PROVIDED DATA =
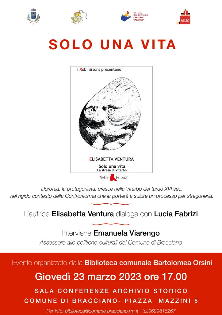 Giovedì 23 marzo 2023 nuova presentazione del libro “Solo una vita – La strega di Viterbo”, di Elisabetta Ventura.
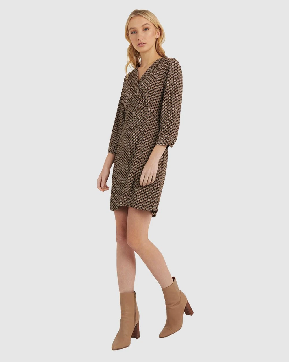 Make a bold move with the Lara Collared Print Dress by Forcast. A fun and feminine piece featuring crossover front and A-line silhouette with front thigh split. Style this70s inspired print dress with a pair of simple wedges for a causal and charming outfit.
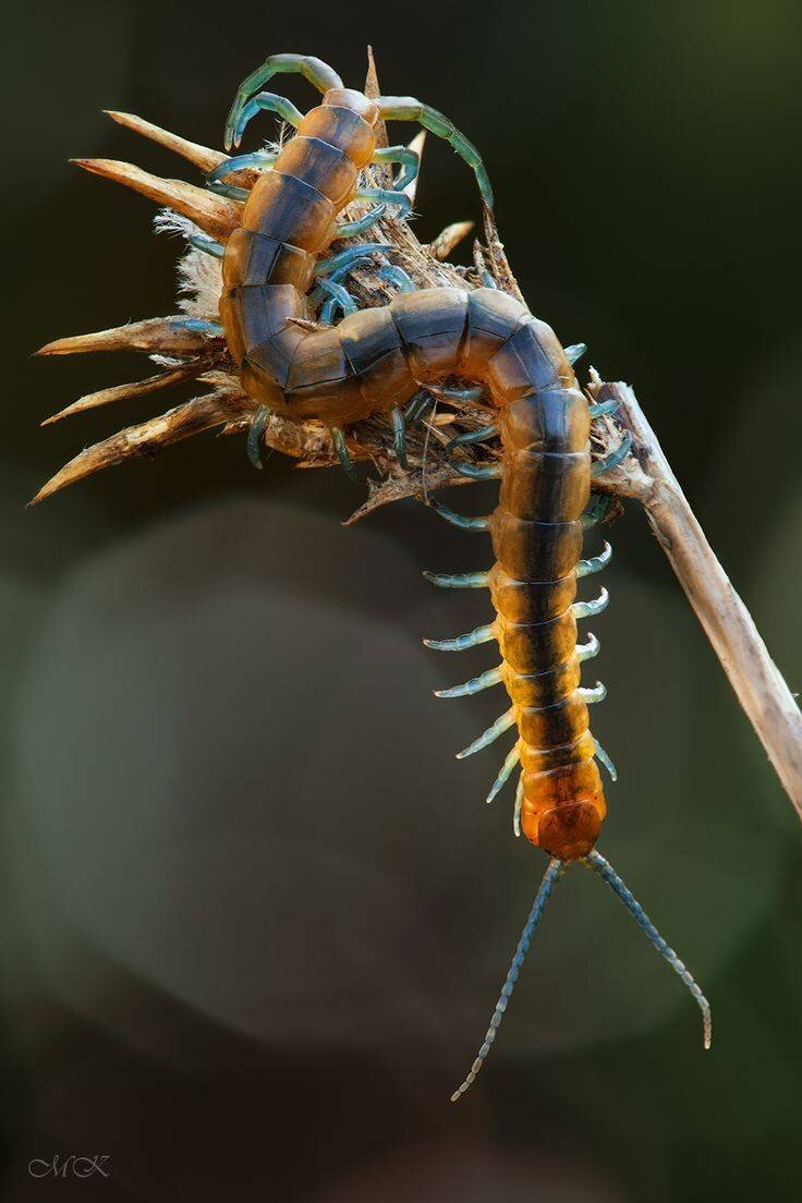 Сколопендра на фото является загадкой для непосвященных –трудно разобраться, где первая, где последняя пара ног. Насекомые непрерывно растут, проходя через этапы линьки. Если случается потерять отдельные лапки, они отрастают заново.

WORK INSTRUCTIONS = Without the pictures, repeat the listing exactly as it reads.

SOLUTION =
 Giovedì 23 marzo 2023 nuova presentazione del libro “Solo una vita – La strega di Viterbo”, di Elisabetta Ventura.
 Make a bold move with the Lara Collared Print Dress by Forcast. A fun and feminine piece featuring crossover front and A-line silhouette with front thigh split. Style this70s inspired print dress with a pair of simple wedges for a causal and charming outfit.
 Сколопендра на фото является загадкой для непосвященных –трудно разобраться, где первая, где последняя пара ног. Насекомые непрерывно растут, проходя через этапы линьки. Если случается потерять отдельные лапки, они отрастают заново.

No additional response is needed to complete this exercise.